Кафедра, стр. 37

Недавно я после долгих колебаний принял решение. Деньги и вещи — Майе. Телевизор и посуду — Дарье Степановне. Книги — институту. Камертон согласился.

Как бы мне хотелось оставить что-нибудь Нине. Но камертон сказал «нет».

…Сегодня ночью я не спал и слушал часы. Их тиканье было необычайно громким. Они не шли, а маршировали, как само Время — деревянное, неумолимое. Часы мне подарили недавно на мой так называемый юбилей — семьдесят пять.

Я скрывался, я убегал от этого глупого юбилея. Я вообще не люблю юбилеев, торжественных дат. Почему совпадение (или круглое значение разности) каких-то чисел должно вообще привлекать внимание разумного человека? Это нечто вроде магии, реликт первобытного сознания в наше как бы не суеверное время.

Особенно ужасает меня положение юбиляра, вынужденного выслушивать хвалебные речи. Оно хуже положения мертвеца. Латинская поговорка гласит: «De mortuis aut bene, aut nihil» (о мертвых либо хорошо, либо ничего). С юбиляром еще хуже: тут уже и выбора nihil не остается.
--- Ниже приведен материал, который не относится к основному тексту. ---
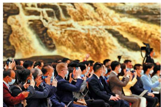
▲3月13日，十四屆全國人大一次會議在北京人民大會堂舉行記者會。

盧科寧認為，兩會是中國特色社會主義民主制度的生動範例。「對於幅員遼闊、人口眾多的中國而言，維護國家穩定並專注於實現自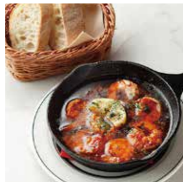
SHRIMP AJILLO AND BAGUETTE 海老のアヒージョ (バゲット付き) 税別 ¥800 (税込み ¥880)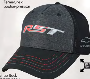
Snap Back GC07-3256 Fermeture à bouton-pression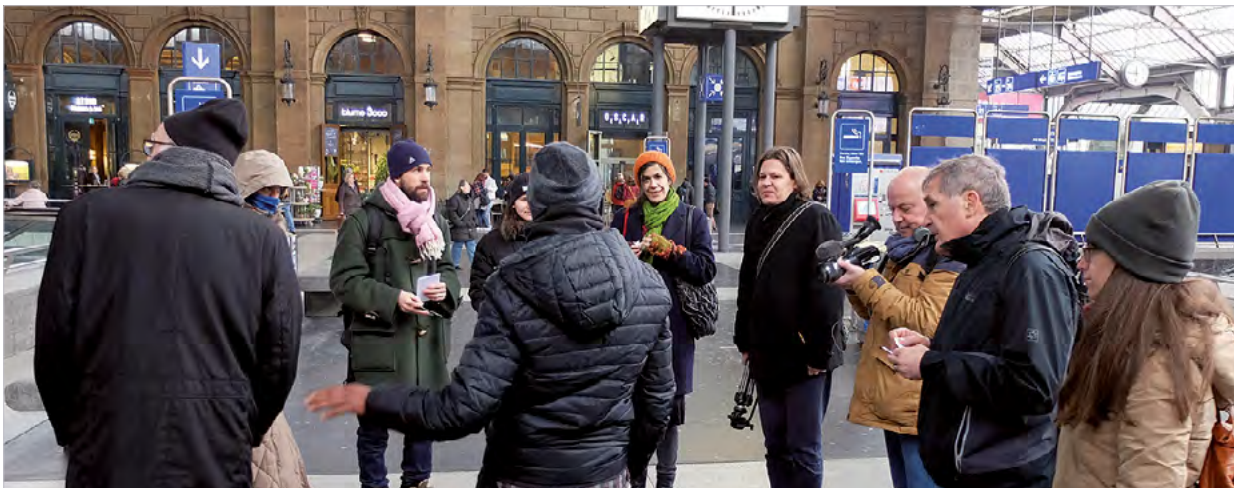
Zürich - die Stadt aus der Sicht eines Flüchtlings, organisiert von Architecture for Refugees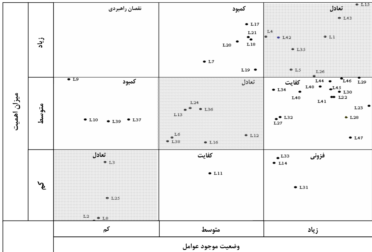
شکل ۱. ماتریس آسیب شناسی عناصر نابی در صنعت کاشی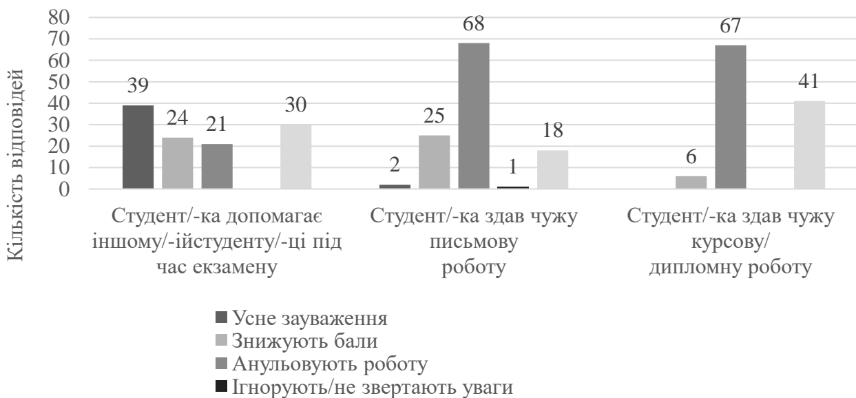
Рисунок 2. Результати анкетування здобувачів, а саме відповіді на запитання: «Що зазвичай роблять викладачі, якщо..?» (n = 114)

порушенням правил академічної доброчесності, які викладені в Положенні про академічну доброчесність (рис. 2).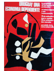
“La Universidad le sirve a usted” Escuela de Bellas Artes

La etapa de la dictadura implica entre otras cosas un quiebre de la actividad universitaria a nivel regional. Así, los reclamos por la presencia de la Universidad desa

На этот раз я сделал все, чтобы избежать чествования. Позвонил в ректорат, в партком, просил отменить юбилей, ссылаясь на плохое самочувствие. Мне пошли навстречу. Но сотрудники кафедры — черт возьми! — застали меня врасплох. Пришли домой, и деться мне было некуда. Кравцов говорил речь, а Нина держала под мышкой большой картонный футляр. Я еще не знал, что в этом футляре часы, что мне привели компаньона и собеседника на многие ночи, на весь остаток жизни…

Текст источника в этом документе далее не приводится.